Legacy: As long as the teen years are fraught with defiance, I-know-everything attitudes, beer, and sex, so there will always be Evil Adults looking to put an end to that fun. You might even say Michael, Jason, Freddy and the like are the faces of that discipline, correcting behaviour in a way the parents, teachers and cops couldn’t.

And they’re still thriving, as the mean camp counsellors who bully children in Return to Sleepaway Camp, as the distrustful mother who refuses to listen to her daughter in Fingerprints, or the asshole boss who can’t even remember if his staff are alive or dead in Final Destination 5, and the teachers who protected the nasty bullies in Tormented.

Drone on, Evil Adults, someone somewhere might be listening.

TGI Friday: “She ain’t missing… she’s dead.”

“Folks go missing ’round here, they’re gone for good…” One of the winning elements of the last Friday the 13th movie (SIX YEARS AGO – SORT THAT SHIT OUT!), the cranky old lady whom Jared Padalecki calls upon when looking for his missing sister. That notion that the Crystal Lake locals know about Jason is the kind of vibe I hope returns whenever they decide they want to do another film, or TV series.

Cranky old lady, we love you.

TGI Friday: What the Dana Kimmell is going on with Friday the 13th!?

First off, any fool in charge of producing the 13th film in the Friday the 13th franchise should’ve had it all set up to release said 13th film in 2013.

WHY DIDN’T THIS HAPPEN???

Latest news seems to suggest the film has been pushed back from its mooted February-then-November 2015 release date to May 13th, 2016: SEVEN YEARS AFTER THE LAST FILM.

Christ alive, producer folks, between 1980 and 1987 they pretty much churned out one a year on a squillionth of the resources available today.

Here’s a rundown of what’s been going on (apparently):

Key: Good news Bad news News I don’t care about either way

  • It’s a sequel, a logical follow up to the 2009 reboot.
  • It’ll be a supernatural found-footage film. Possibly without Jason. Fans are ‘unhappy’ about this.
  • It’ll be in 3D. Whatever, everything else is. This means the FF angle will likely be dropped. Fans go “Yay!”
  • It’s now called Friday the 13th. It’s no longer a sequel, but another reboot, making it the third film in the series with that name.
  • It’ll be out in 2010.
  • No, 2012.
  • Oops, November 2014.
  • OK, February 2015.
  • 2016.
  • Paramount have got the franchise back from Platinum Dunes.
  • It’ll be a TV series instead/aswell.
  • It will be set at Camp Crystal Lake.
  • David Bruckner, who helmed an at best okay segment of the mostly disappointing V/H/S, is directing it.
  • Jason might get his own Doc Loomis. Tommy Jarvis, perhaps?

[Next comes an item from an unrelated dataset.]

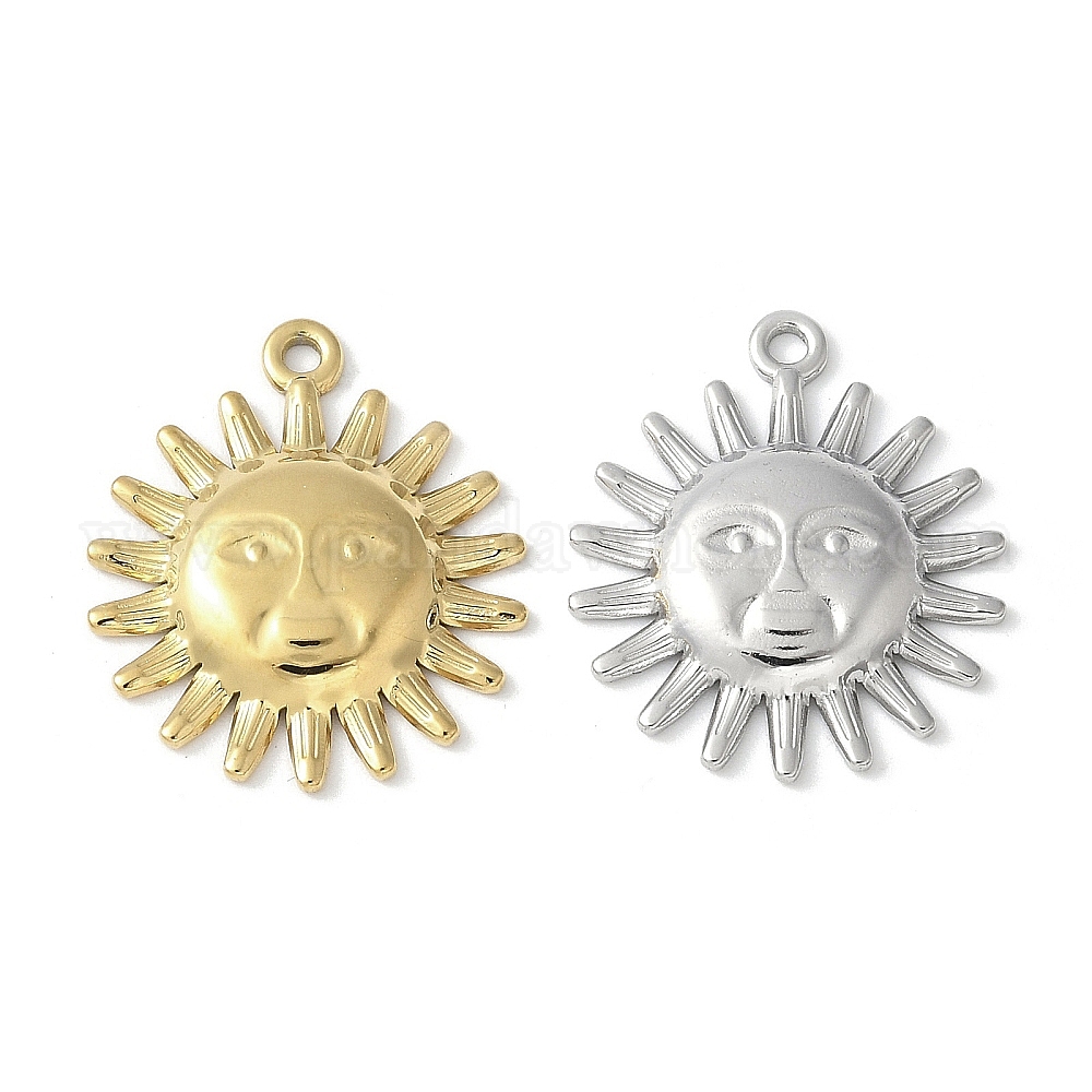 • Настоящее золото 18K 304 подвески из нержавеющей стали, очарование солнца, реальный 18 k позолоченный, 22.5x18.5x2.5 мм, отверстие : 1.6 мм

Seems that nobody over at Crystal Lake has much of a clue what’s going on… Slasher films are in a rut at present so that goes some way to explaining why nobody’s super keen on rolling the dice. Remakes aside, what was the last big screen killer-with-a-knife film that left a significant impression, Scream 4You’re Next?

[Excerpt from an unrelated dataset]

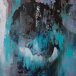 Een globale impressie van het schilderij "Geabstraheerd portret" 75x155cm.

As the movie business is run by an Excel spreadsheet which doesn’t have a column for ‘what movie fans care about’, I’d say it’s likely we don’t see Jason return in any formidable way for awhile, and even if this new film miraculously gets off the ground in the next couple of years, what are the odds there’ll be anybody smart enough at the production house to revisit the churn-out method that seemed to work so well in the 80s. Hell, there was a new Saw movie every Halloween not that long ago. It can be done.

Whatever method Jason is sent back to the screen in (like some poor war orphan packed off back to Hollywood), I know I’ll be there waving my little hockey mask flag.